La comunicazione rientra nella campagna di recupero degli asset dormienti dell’exchange, rivolta agli utenti che non hanno effettuato accessi od operazioni da oltre un anno. Secondo Bithumb, il valore totale degli asset inattivi ammonta a circa 291,6 miliardi di won sudcoreani (circa 201,8 milioni di dollari), con alcuni saldi rimasti fermi per oltre dieci anni.

Bithumb ha inoltre riferito che la singola posizione dormiente più grande individuata vale circa 2,84 milioni di dollari, mentre il periodo di inattività più lungo registrato raggiunge i 4.380 giorni, pari a quasi dodici anni.

Questi dati evidenziano un fenomeno ricorrente nell’adozione delle criptovalute: milioni di investitori retail sono entrati nel mercato durante i precedenti cicli rialzisti, per poi allontanarsene nel tempo, lasciando asset inutilizzati man mano che l’attenzione si è spostata altrove.
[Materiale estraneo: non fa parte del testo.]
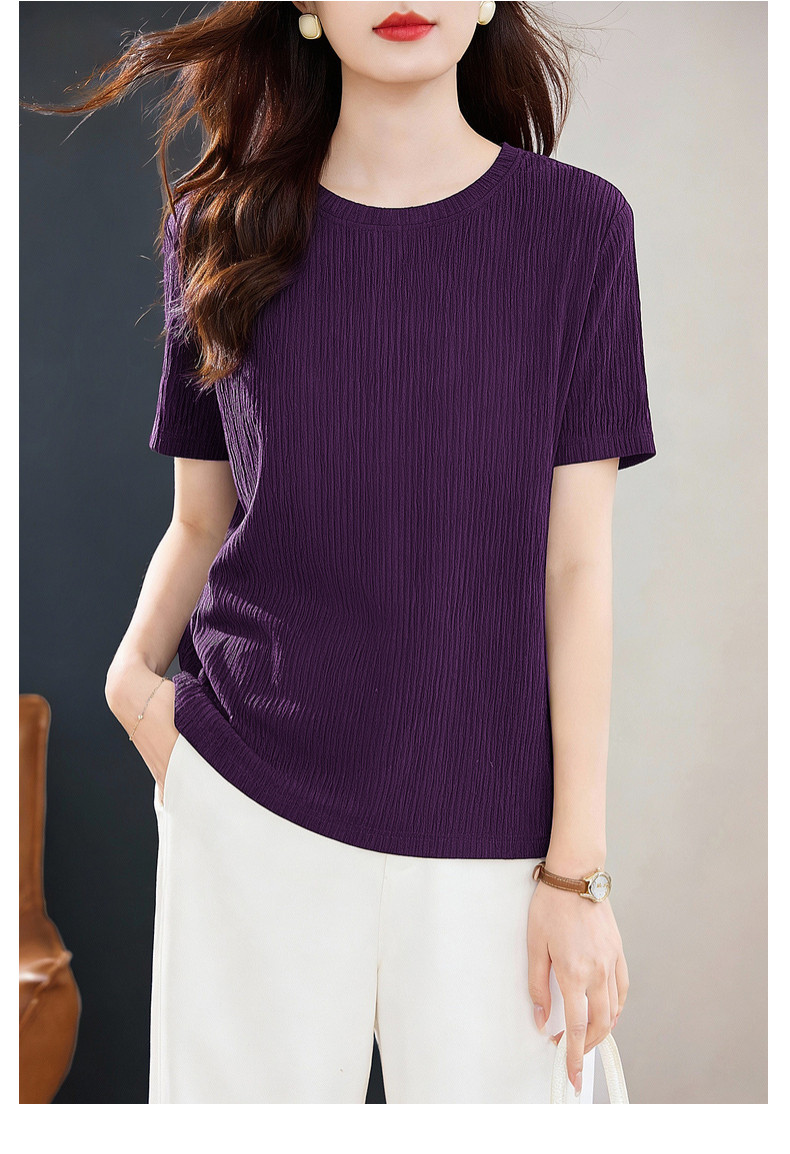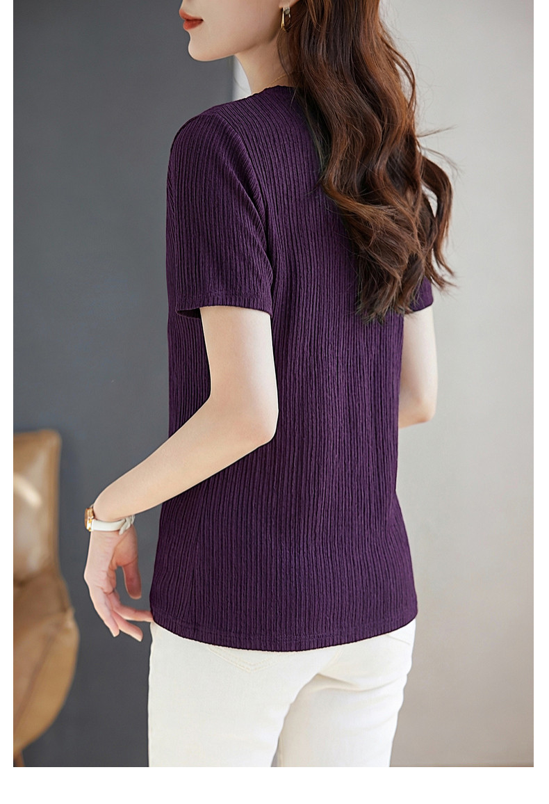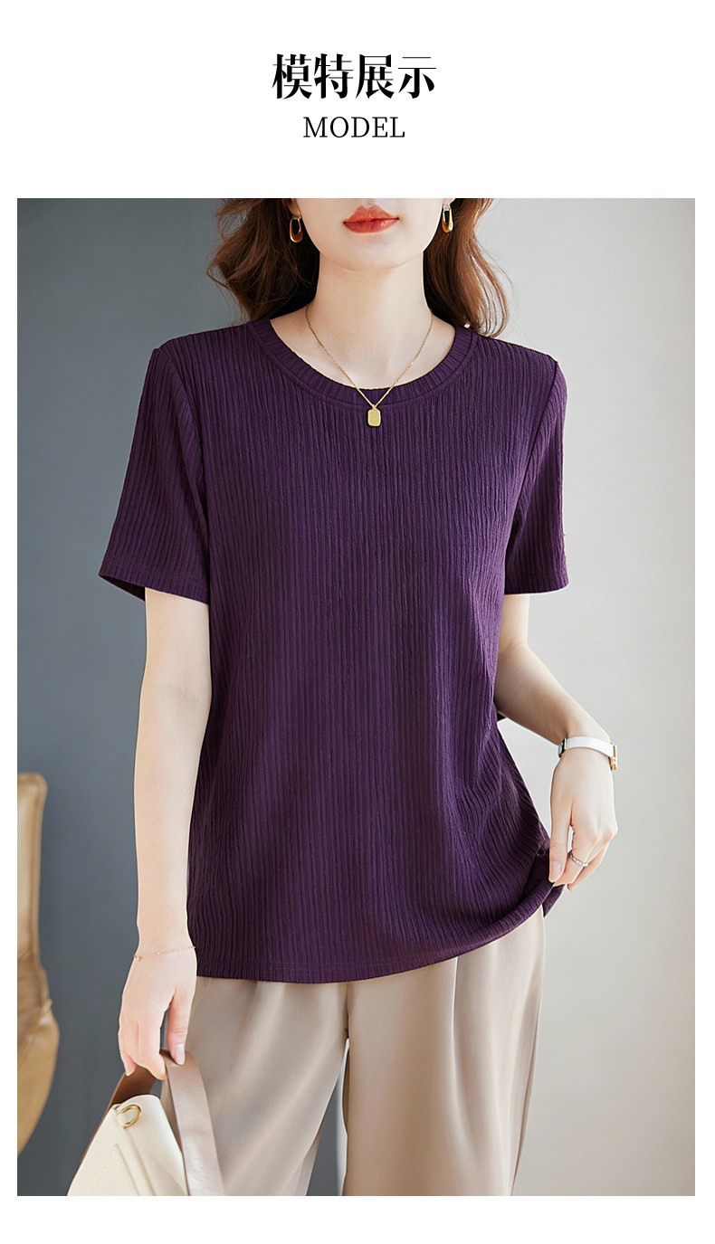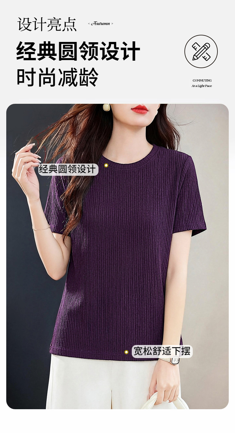 紫色条纹短袖t恤女新款夏季时尚洋气女装休闲大码体恤衫半袖上衣

Bithumb ha dichiarato che alcuni asset inattivi hanno registrato guadagni del 61.000%.

Secondo Bithumb, alcuni degli asset inattivi individuati hanno già registrato rendimenti superiori al 61.000%, pari a oltre 610 volte il valore iniziale. Si tratta di posizioni aperte nei primissimi cicli delle criptovalute.

Ciò significa che parte delle crypto non reclamate sull’exchange ha persino sovraperformato Bitcoin (BTC) in termini di rendimenti su un orizzonte di 12 anni.
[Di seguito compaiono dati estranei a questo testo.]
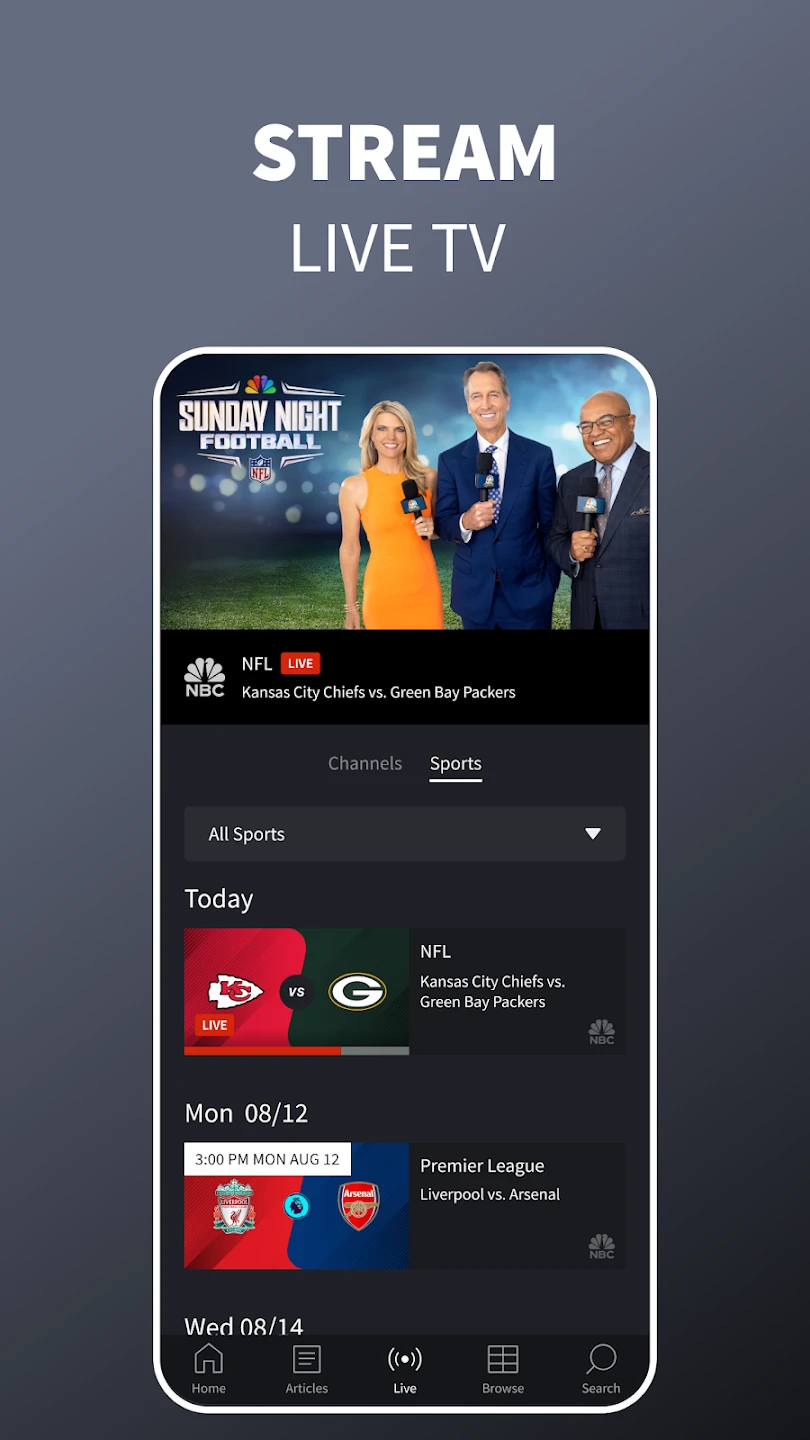 - Live Game Streaming: Instantly watch Major League Baseball, the NBA, and Sunday Night Football on your smartphone or tablet. This feature eliminates the need for multiple streaming services or cable subscriptions, letting you enjoy premium sports content anytime, anywhere.

Secondo i dati di CoinGecko, Bitcoin era scambiato intorno ai 767 $ il 1° gennaio 2014. Al momento della stesura, BTC quota circa 91.126 $, con un incremento di circa 11.338%, pari a una crescita di 114 volte.

○Grafico del prezzo di Bitcoin nel tempo. Fonte: CoinGecko

L’exchange ha già condotto iniziative di recupero simili negli anni precedenti. Durante la campagna per l’undicesimo anniversario, lo scorso anno, Bithumb ha dichiarato che 36.000 utenti hanno reclamato asset dormienti per circa 50 milioni di dollari.
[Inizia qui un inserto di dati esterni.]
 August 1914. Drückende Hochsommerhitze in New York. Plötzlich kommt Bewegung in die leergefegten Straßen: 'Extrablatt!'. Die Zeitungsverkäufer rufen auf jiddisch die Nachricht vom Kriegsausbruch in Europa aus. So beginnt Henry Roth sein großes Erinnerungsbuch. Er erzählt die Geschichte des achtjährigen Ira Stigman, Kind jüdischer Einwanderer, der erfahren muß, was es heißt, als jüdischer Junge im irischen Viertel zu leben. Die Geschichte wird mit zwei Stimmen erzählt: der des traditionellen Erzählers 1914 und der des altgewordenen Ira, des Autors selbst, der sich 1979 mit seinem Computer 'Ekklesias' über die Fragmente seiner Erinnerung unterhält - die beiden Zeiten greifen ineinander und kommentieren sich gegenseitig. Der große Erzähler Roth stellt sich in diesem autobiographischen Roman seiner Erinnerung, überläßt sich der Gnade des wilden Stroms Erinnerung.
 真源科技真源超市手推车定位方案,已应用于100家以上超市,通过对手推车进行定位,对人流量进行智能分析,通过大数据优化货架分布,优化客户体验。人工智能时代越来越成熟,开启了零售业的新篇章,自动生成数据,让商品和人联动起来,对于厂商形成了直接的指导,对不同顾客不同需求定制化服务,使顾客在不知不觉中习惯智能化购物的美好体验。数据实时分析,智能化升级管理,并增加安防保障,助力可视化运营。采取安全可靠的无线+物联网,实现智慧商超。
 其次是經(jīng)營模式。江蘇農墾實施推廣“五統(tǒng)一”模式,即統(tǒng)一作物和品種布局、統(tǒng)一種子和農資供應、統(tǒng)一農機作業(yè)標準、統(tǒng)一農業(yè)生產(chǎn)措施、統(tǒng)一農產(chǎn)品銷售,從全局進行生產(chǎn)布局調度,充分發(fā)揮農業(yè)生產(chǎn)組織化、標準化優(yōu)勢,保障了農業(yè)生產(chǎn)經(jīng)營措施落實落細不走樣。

La piattaforma ha inquadrato l’iniziativa come parte di un più ampio programma di tutela dei clienti, affermando che l’obiettivo è aiutare gli utenti a riscoprire e recuperare asset di cui potrebbero non essere più consapevoli. Bithumb ha inoltre annunciato che contatterà direttamente i clienti idonei e fornirà supporto per il recupero degli account.

Oltre ai singoli individui, la divulgazione ha implicazioni più ampie per il settore. I saldi dormienti rappresentano infatti liquidità non realizzata e offerta latente che, se recuperata, potrebbe rientrare nei mercati.

Il fenomeno solleva inoltre interrogativi su come i crypto exchange comunicano con gli utenti inattivi e su quali misure adottino per salvaguardare fondi dimenticati da lungo tempo, soprattutto in un settore in cui la custodia e la responsabilità dell’utente restano temi centrali.